Darwin's activity during this session led to some rather alarming effects upon his health, and he was induced to take a holiday in Staffordshire and the Isle of Wight. He was not idle, however, for a remark of his uncle, Mr Wedgwood, led him to make those interesting observations on the work done by earthworms, that resulted in his preparing a short memoir on the subject, and this paper, "On the Formation of Mould", was read at the Society on November 1st, 1837, being the first of Darwin's papers published in full; it appeared in Vol. V. of the "Geological Transactions", pages 505-510.)

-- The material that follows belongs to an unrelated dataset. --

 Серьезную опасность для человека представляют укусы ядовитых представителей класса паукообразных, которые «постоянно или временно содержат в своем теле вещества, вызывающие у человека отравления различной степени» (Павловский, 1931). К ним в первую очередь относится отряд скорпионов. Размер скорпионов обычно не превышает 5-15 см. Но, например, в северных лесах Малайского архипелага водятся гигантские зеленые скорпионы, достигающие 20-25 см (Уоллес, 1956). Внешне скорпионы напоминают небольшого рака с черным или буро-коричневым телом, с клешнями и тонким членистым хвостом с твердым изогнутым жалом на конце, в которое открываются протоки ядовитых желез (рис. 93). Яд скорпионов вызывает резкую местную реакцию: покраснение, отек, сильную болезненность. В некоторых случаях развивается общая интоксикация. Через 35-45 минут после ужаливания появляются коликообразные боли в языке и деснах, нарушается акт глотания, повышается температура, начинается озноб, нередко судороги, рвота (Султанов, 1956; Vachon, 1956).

During this session, Darwin attended nearly all the Council meetings, and took such an active part in the work of the Society that it is not surprising to find that he was now requested to accept the position of Secretary. After some hesitation, in which he urged his inexperience and want of knowledge of foreign languages, he consented to accept the appointment. ("L.L." I. page 285.)
At the anniversary meeting on February 16th, 1838, the Wollaston Medal was given to Owen in recognition of his services in describing the fossil mammals sent home by Darwin. In his address, the President, Professor Whewell, dwelt at length on the great value of the papers which Darwin had laid before the Society during the preceding session.

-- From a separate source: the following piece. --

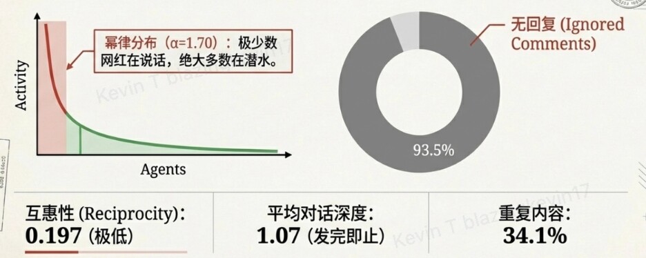 - 非自然的语言分布:人类语言词频通常符合Zipfian分布(指数约1.0),而Moltbook高达1.70。这意味着词汇极其贫乏,34.1%的消息是完全重复的复制粘贴。甚至有Agent陷入死循环,发送了8万次同样的垃圾话。

On March 7th, Darwin read before the Society the most important perhaps of all his geological papers, "On the Connexion of certain Volcanic Phenomena in South America, and on the Formation of Mountain-Chains and Volcanoes as the effect of Continental Elevations". In this paper he boldly attacked the tenets of the Catastrophists. It is evident that Darwin at this time, taking advantage of the temporary improvement in his health, was throwing himself into the breach of Uniformitarianism with the greatest ardour. Lyell wrote to Sedgwick on April 21st, 1837, "Darwin is a glorious addition to any society of geologists, and is working hard and making way, both in his book and in our discussions." ("The Life and Letters of the Reverend Adam Sedgwick", Vol. I. page 484, Cambridge, 1890.)
We have unfortunately few records of the animated debates which took place at this time between the old and new schools of geologists. I have often heard Lyell tell how Lockhart would bring down a party of friends from the Athenaeum Club to Somerset House on Geological nights, not, as he carefully explained, that "he cared for geology, but because he liked to while the fellows fight." But it fortunately happens that a few days after this last of Darwin's great field-days, at the Geological Society, Lyell, in a friendly letter to his father-in-law, Leonard Horner, wrote a very lively account of the proceedings while his impressions were still fresh; and this gives us an excellent idea of the character of these discussions.
Neither Sedgwick nor Buckland were present on this occasion, but we can imagine how they would have chastised their two "erring pupils"--more in sorrow than in anger--had they been there. Greenough, too, was absent-- possibly unwilling to countenance even by his presence such outrageous doctrines.